On one reading, these sections limit Parliament’s authority to unilaterally change the Supreme Court only to the extent that some aspect of the Supreme Court’s composition has been specifically entrenched by a constitutional amendment. Otherwise, ss. 41(d) and 42(1)(d) have no effect. Since the Supreme Court Act is an ordinary Act of Parliament, it cannot be taken to have constitutionalized any aspect of the Court’s composition. That being the case, the relevant clauses of Part V are “dormant”. Let us call this “the Hogg view”, in honour of its most famous exponent.
The Hogg view is troubling because the whole point to ss. 41(d) and 42(1)(d) was, surely, to restrain Parliament’s power to change the Supreme Court without provincial consent.
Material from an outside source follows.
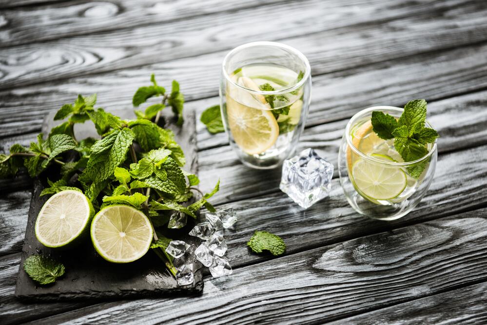 - Берем из холодильника лед и опускаем его по кусочку в каждый стакан с напитком. Лимонад готов — можно пить.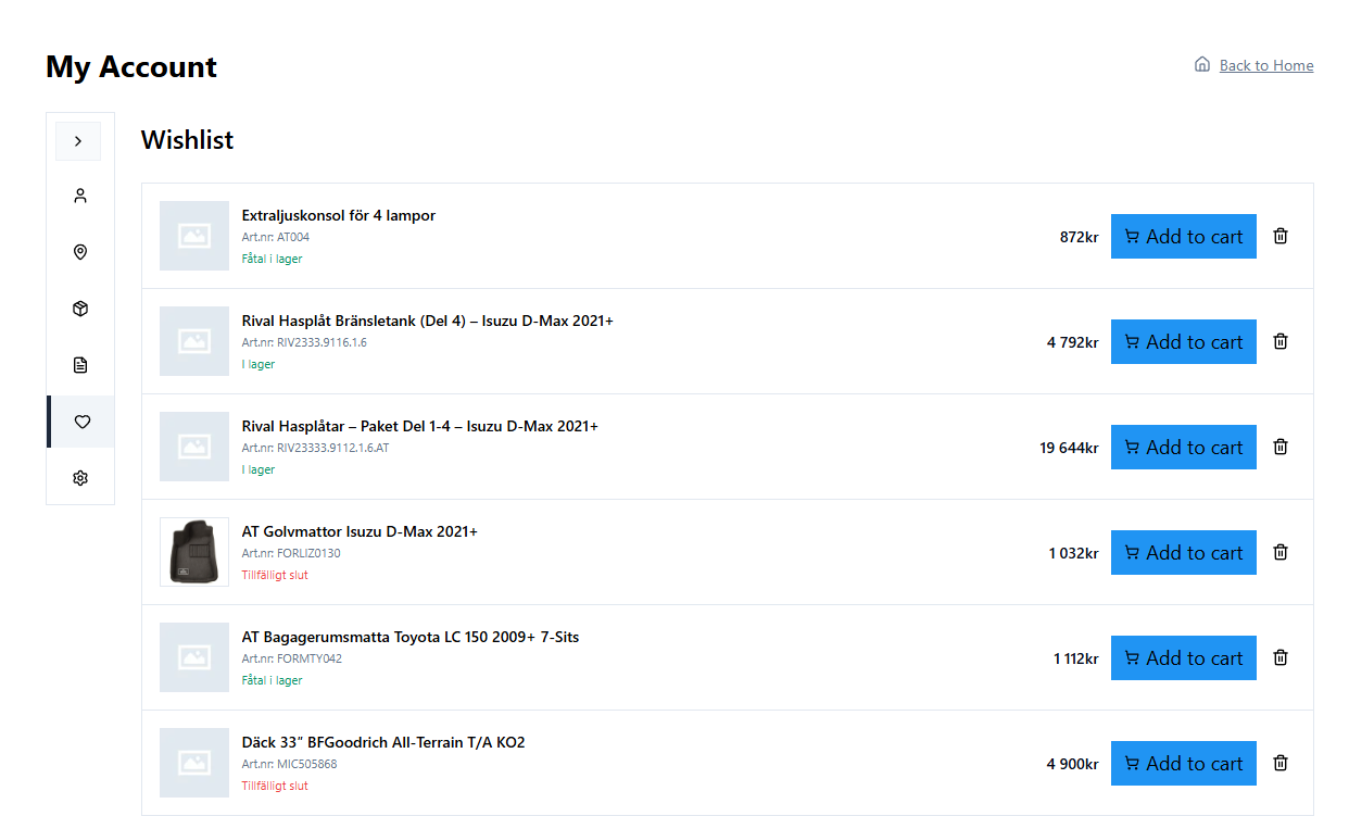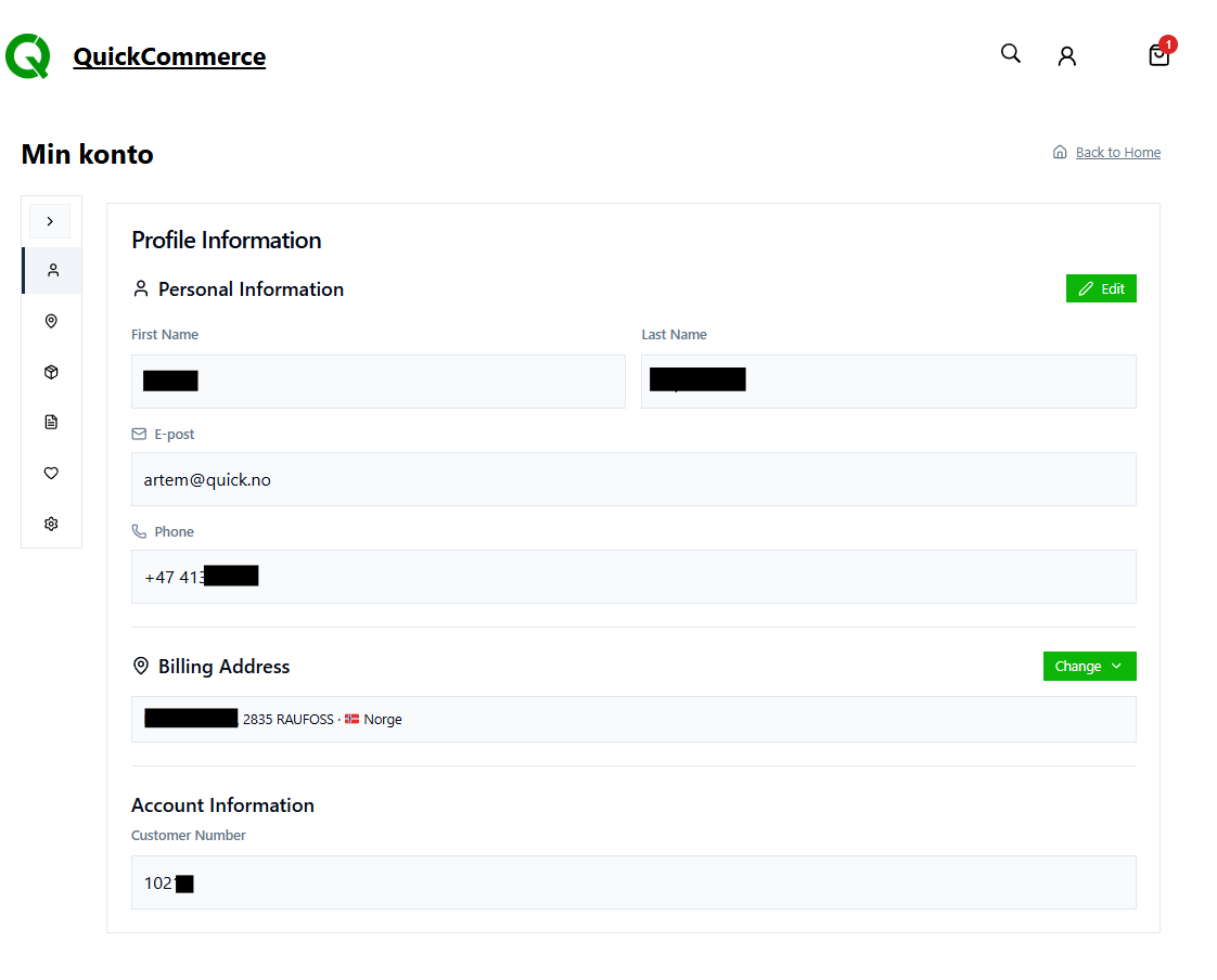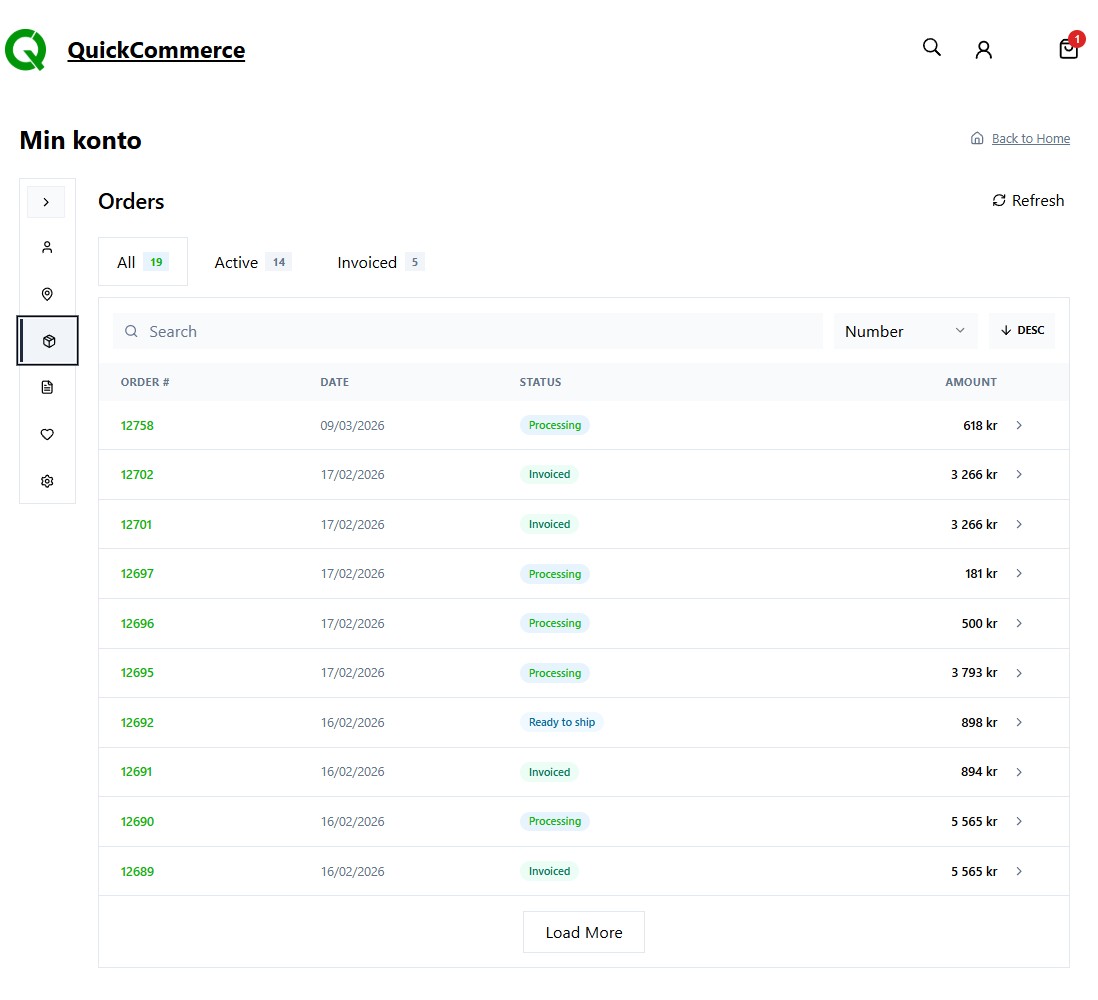 - Cart and checkout with ERP-based order management for both B2B and private customers

They were meant to answer the concerns of the “gang of eight” – the provinces that had opposed Trudeau’s constitutional reforms. As Professor Monahan has remarked:
The underlying purpose of the amending procedure [in Part V] … is to protect the provinces from having their rights or privileges negatively affected without their consent. This includes provincial interests in the design and operation of key national institutions such as the Senate and the House of Commons. Yet, by treating section 41(d) as ineffective, the provinces are granted absolutely no protection when it comes to the Supreme Court, a key institution of the federation.
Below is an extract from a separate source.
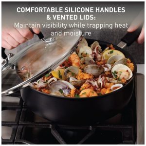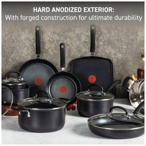 Este conjunto de panelas antiaderente Tfal Ultimate Hard Anodized é perfeito para todas as aventuras culinárias da vida. Com construção robusta em alumínio anodizado duro, apresenta o sistema de domínio de calor da Tfal, garantindo resultados de cozimento perfeitamente deliciosos. A tecnologia ThermoSpot patenteada indica quando a panela está pré-aquecida para alimentos uniformemente cozidos. Com revestimento antiaderente superior e duradouro, base resistente a deformações e calor uniforme, estas panelas oferecem resistência suprema à corrosão, arranhões e danos, proporcionando confiabilidade diária. Além disso, o revestimento interior não aderente reforçado com titânio evita situações frustrantes de alimentos grudados. Seguro para forno e lava-louças, este conjunto oferece versatilidade multipropósito com uma variedade de panelas – fritar, dourar, refogar, cozinhar a vapor, cozinhar lentamente e mais. Com alças de silicone e tampas de vidro temperado, este conjunto é resistente e durável, adequado para todas as suas necessidades culinárias.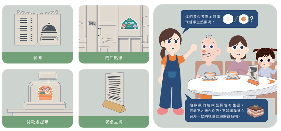 食肆有責任提供準確及充分的食物資料,以助消費者作出明智的選擇。此舉不單可以保障消費者,尤其是高危人士,免受食源性疾病的侵害,亦可提升食肆的盡責形象。此外,前線員工也可以就高風險食物提醒顧客,例如:你們會否考慮全熟蛋代替半生熟蛋呢?

Monahan does not suggest that all aspects of the Supreme Court Act have been effectively entrenched by Part V – only “those key characteristics of the Court that implicate fundamental provincial interests”. He gives, as one example, “the requirement that three members of the Court be appointed from the bar of Quebec”.
Warren Newman has responded that, on several occasions, “attempts to entrench substantively the composition and essential characteristics of the Supreme Court in the Constitution of Canada were proposed and failed to be ratified.” That being the case, he argues, it would be strange if the Court was “prepared to read these types of provisions directly into the text of the Constitution.” Newman does not endorse the Hogg view. Rather than rely on a purposive interpretation of Part V, though, he looks to the “structural” role of a “court of last resort” in Canada’s constitutional system. As Newman points out, it was unnecessary at the time of Confederation to set out the features of a general court of appeal, or to require Parliament to create one, because Canada already had one: the Judicial Committee of the Privy Council. The Constitution Act, 1867 thus presupposes that there will be a “court of last resort”. Given the legal problems bound to arise in a federal state, it is impossible to read the Constitution as permitting the abrogation of the Supreme Court. Once appeals to the Privy Council were abolished in 1949, “the appellate jurisdiction of the Supreme Court of Canada became essential.” In effect, Newman claims, the mention of the Supreme Court in Part V “crystallized” its constitutional status, and made it impossible for Parliament to change those attributes which were “essential” to it as of 1982.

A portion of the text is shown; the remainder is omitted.